ОН (поднимает бокал). За нас! (Чокаются, выпивают). Стой, а где же цветы?

ОНА. Кажется, в машине забыла.

ОН. Обидно…

ОНА. Не обижайся, ты же не напомнил… Главное, что ты их подарил. Как обычно, в субботу.

ОН. Жаль. Мне всегда нравилось смотреть, как, зайдя домой, ты занимаешься цветами — подрезаешь, ставишь в воду — а потом делаешь все остальное.

ОНА. Есть женщины, которые относятся к цветам по-другому?

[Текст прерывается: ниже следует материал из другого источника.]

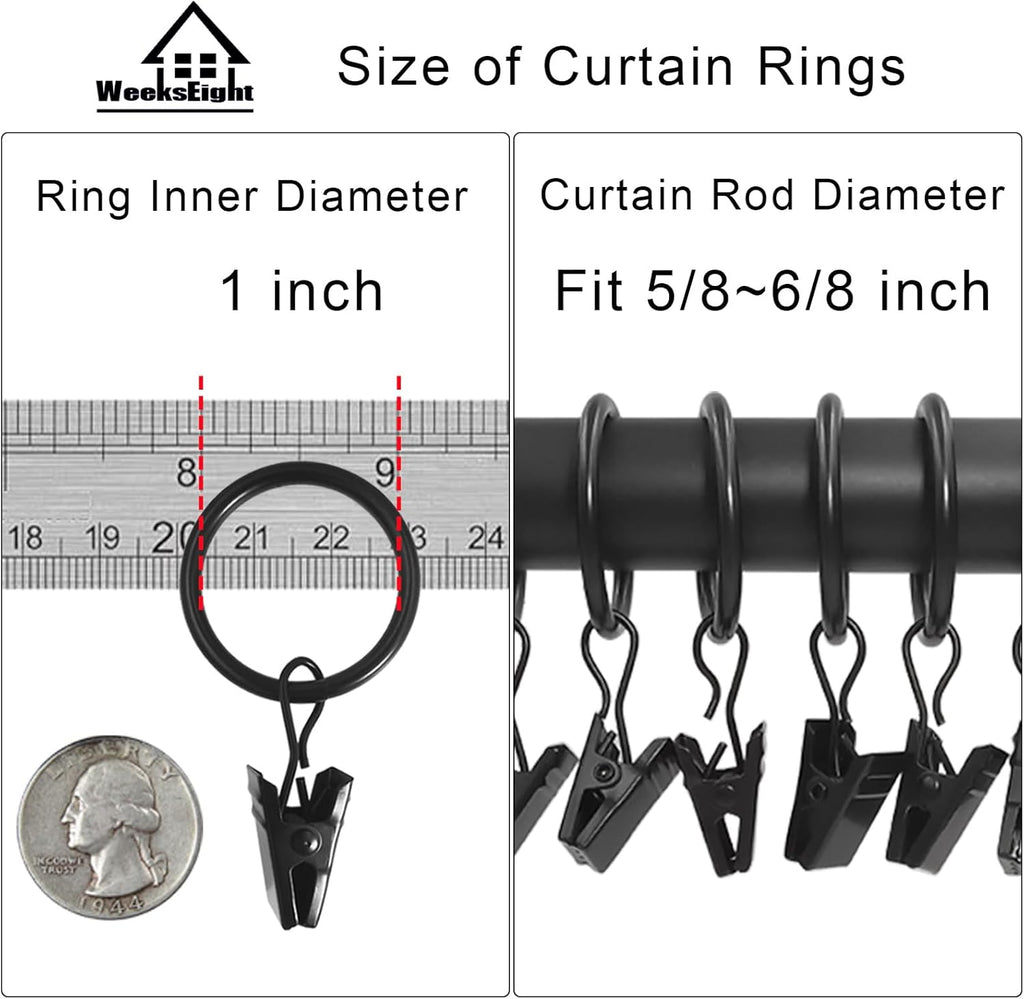 Curtain Rings Slide Easily Curtain rings eyelet inner diameter 1 in, drapery rings with clips for used in ones 1 in curtain rod and that’s the perfect size, the curtains slide easily, multiple times a day and function perfectly, make your life full of fun.
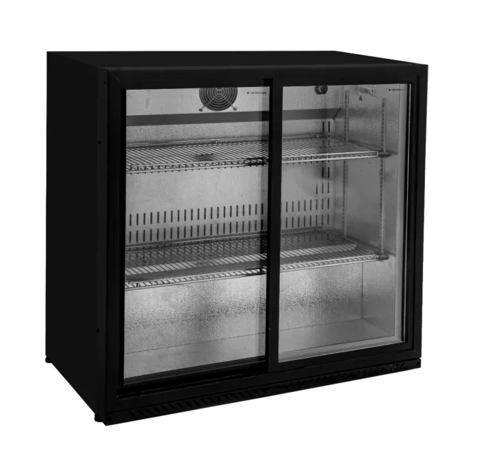 The Sterling Pro BBS220SLIDING Sliding Double Door Bottle Cooler is a stylish unit designed for easy installation behind and under counters. It features two doors and two shelves, allowing for efficient organization of stock.

ОН. Не знаю, я давно дарю их только тебе.

ОНА. Допустим. Налей мне еще.

Он наливает. Пауза. Молча пьют вино.

ОНА. Скажи, что такого необыкновенного было в том счете?

ОН. В каком?

ОНА. Который ты так тщательно изучал в ресторане?

ОН. Я изучал счет?

ОНА. Как будто хотел выучить наизусть.

ОН. А что зазорного в том, что я прочитал, за что именно должен отдать деньги?

ОНА. Обычно ты смотришь на итоговую цифру.

ОН. А сегодня я посмотрел на все.

ОНА. Неправда. Ты пять минут делал вид, что изучаешь счет, чтобы не реагировать на пьяных козлов, которые матерились в трех метрах от твоей женщины. Вместо того, чтобы подойти, и дать в морду.

ОН. Во-первых, не пять минут, во-вторых — задумался. Поверь, мне есть о чем думать, кроме поведения соседей в ресторане. В-третьих, в сегодняшнем спектакле тоже звучал мат, но тебя это не задевало.

ОНА. В театре — мат был оправдан характером героя.

ОН. В ресторане тоже. Мужики выпили, расслабились… Такие у них характеры.

ОНА. А те двое, что пялились на меня?

ОН. Противные типы.

ОНА. Вот именно!

ОН. И что? Нужно было устроить скандал? Ну, обратили внимание на красивую женщину, значит у них хороший вкус. Мне даже нравится, когда на тебя оборачиваются.

ОНА. Это значит, что ты сделал правильный выбор…

ОН. Не драматизируй! (Поднимает бокал). За хороший вкус — мой, твой, вина, театра.

ОНА. Ты когда-нибудь дрался за девочку, которую обидели?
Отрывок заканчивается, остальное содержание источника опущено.